- **Task statement**: What should you transcribe? Every line from the top of the records below through the line with "Носки детские, классический", exactly, and no pictures.

- **Data for review**:

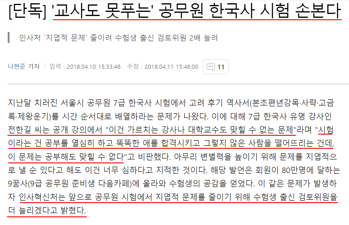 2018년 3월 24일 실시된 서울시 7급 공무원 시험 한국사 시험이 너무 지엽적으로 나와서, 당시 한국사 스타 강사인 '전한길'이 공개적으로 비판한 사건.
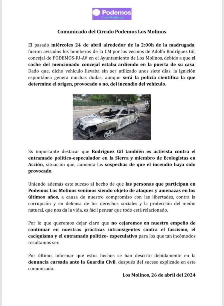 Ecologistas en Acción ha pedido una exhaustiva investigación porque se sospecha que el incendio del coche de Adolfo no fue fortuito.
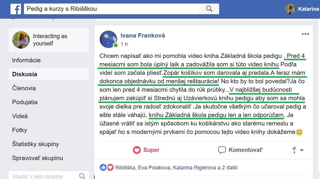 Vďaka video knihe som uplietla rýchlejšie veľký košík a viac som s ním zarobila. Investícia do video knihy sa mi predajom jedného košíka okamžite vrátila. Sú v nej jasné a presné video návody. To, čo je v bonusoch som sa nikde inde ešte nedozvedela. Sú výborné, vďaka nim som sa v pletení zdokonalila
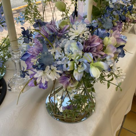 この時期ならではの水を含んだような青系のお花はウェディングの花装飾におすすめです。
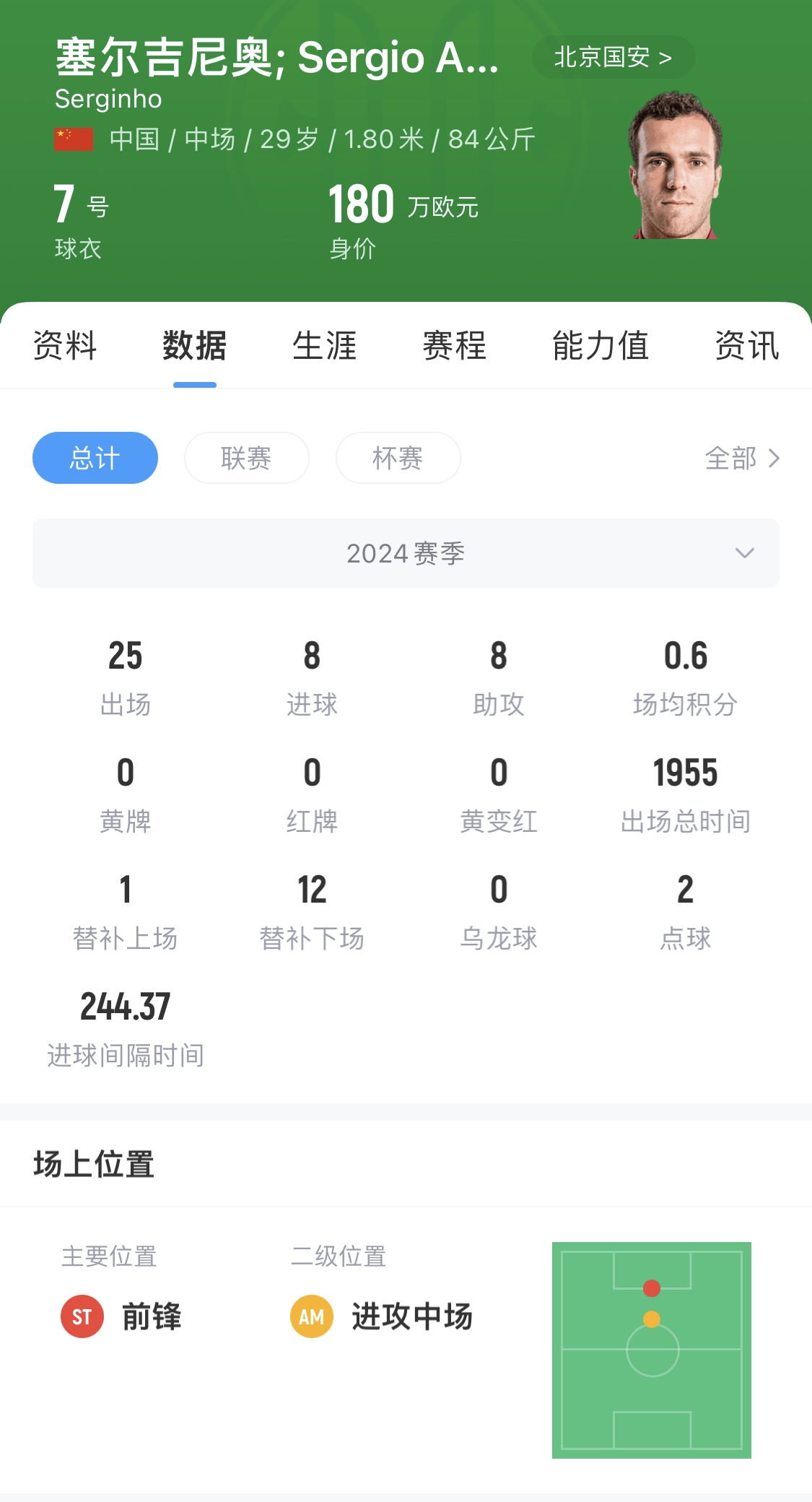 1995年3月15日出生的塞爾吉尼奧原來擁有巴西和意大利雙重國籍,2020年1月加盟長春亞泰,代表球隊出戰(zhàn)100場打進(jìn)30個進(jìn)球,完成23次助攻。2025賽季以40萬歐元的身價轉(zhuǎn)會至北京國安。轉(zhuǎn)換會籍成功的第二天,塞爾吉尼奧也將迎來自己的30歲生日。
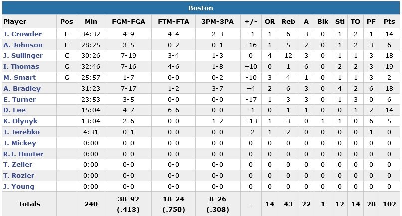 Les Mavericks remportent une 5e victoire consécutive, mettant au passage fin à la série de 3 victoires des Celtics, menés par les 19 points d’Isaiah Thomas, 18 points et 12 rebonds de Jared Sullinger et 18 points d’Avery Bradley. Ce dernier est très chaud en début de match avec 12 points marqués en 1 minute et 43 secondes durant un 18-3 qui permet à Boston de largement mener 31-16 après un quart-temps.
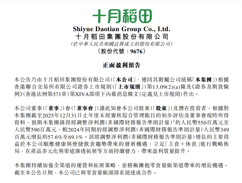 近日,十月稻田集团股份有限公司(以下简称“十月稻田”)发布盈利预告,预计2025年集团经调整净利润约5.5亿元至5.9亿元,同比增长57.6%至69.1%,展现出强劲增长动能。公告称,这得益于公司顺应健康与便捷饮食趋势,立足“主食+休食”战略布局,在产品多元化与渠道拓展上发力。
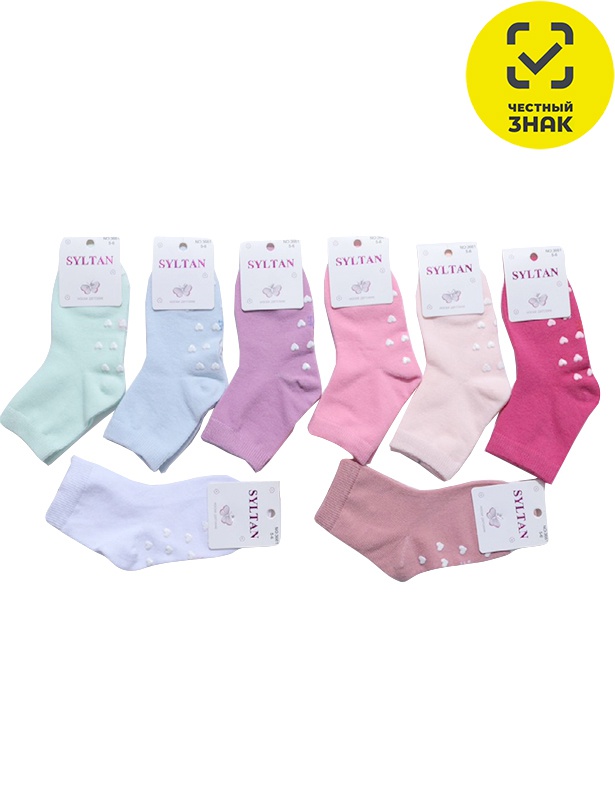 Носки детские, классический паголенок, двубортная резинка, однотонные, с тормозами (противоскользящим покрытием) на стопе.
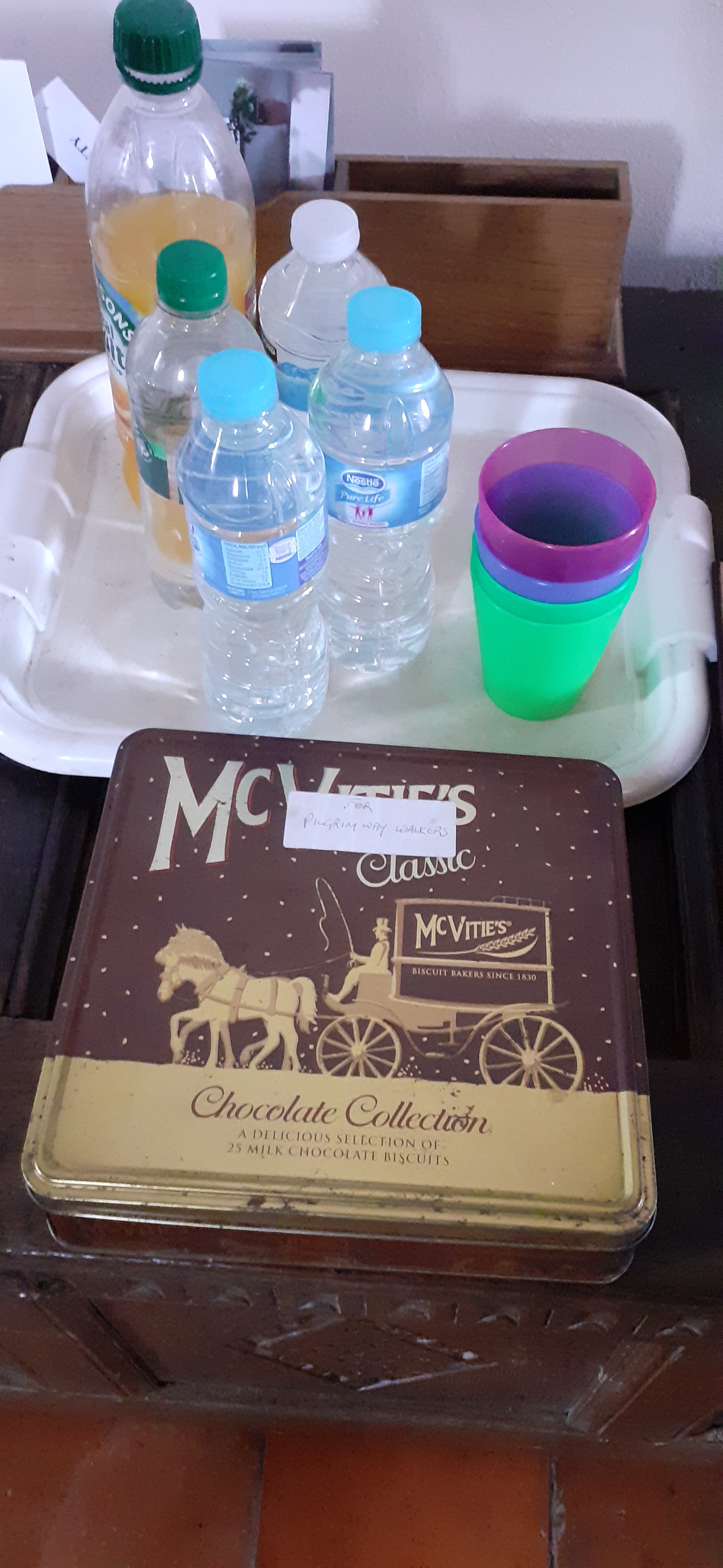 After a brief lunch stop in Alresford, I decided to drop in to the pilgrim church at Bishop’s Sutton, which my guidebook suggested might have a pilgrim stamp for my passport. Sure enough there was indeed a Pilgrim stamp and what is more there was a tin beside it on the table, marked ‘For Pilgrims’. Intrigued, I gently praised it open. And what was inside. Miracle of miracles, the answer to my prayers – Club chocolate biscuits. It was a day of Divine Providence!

- **Solution to this task**:
 2018년 3월 24일 실시된 서울시 7급 공무원 시험 한국사 시험이 너무 지엽적으로 나와서, 당시 한국사 스타 강사인 '전한길'이 공개적으로 비판한 사건.
 Ecologistas en Acción ha pedido una exhaustiva investigación porque se sospecha que el incendio del coche de Adolfo no fue fortuito.
 Vďaka video knihe som uplietla rýchlejšie veľký košík a viac som s ním zarobila. Investícia do video knihy sa mi predajom jedného košíka okamžite vrátila. Sú v nej jasné a presné video návody. To, čo je v bonusoch som sa nikde inde ešte nedozvedela. Sú výborné, vďaka nim som sa v pletení zdokonalila
 この時期ならではの水を含んだような青系のお花はウェディングの花装飾におすすめです。
 1995年3月15日出生的塞爾吉尼奧原來擁有巴西和意大利雙重國籍,2020年1月加盟長春亞泰,代表球隊出戰(zhàn)100場打進(jìn)30個進(jìn)球,完成23次助攻。2025賽季以40萬歐元的身價轉(zhuǎn)會至北京國安。轉(zhuǎn)換會籍成功的第二天,塞爾吉尼奧也將迎來自己的30歲生日。
 Les Mavericks remportent une 5e victoire consécutive, mettant au passage fin à la série de 3 victoires des Celtics, menés par les 19 points d’Isaiah Thomas, 18 points et 12 rebonds de Jared Sullinger et 18 points d’Avery Bradley. Ce dernier est très chaud en début de match avec 12 points marqués en 1 minute et 43 secondes durant un 18-3 qui permet à Boston de largement mener 31-16 après un quart-temps.
 近日,十月稻田集团股份有限公司(以下简称“十月稻田”)发布盈利预告,预计2025年集团经调整净利润约5.5亿元至5.9亿元,同比增长57.6%至69.1%,展现出强劲增长动能。公告称,这得益于公司顺应健康与便捷饮食趋势,立足“主食+休食”战略布局,在产品多元化与渠道拓展上发力。
 Носки детские, классический паголенок, двубортная резинка, однотонные, с тормозами (противоскользящим покрытием) на стопе.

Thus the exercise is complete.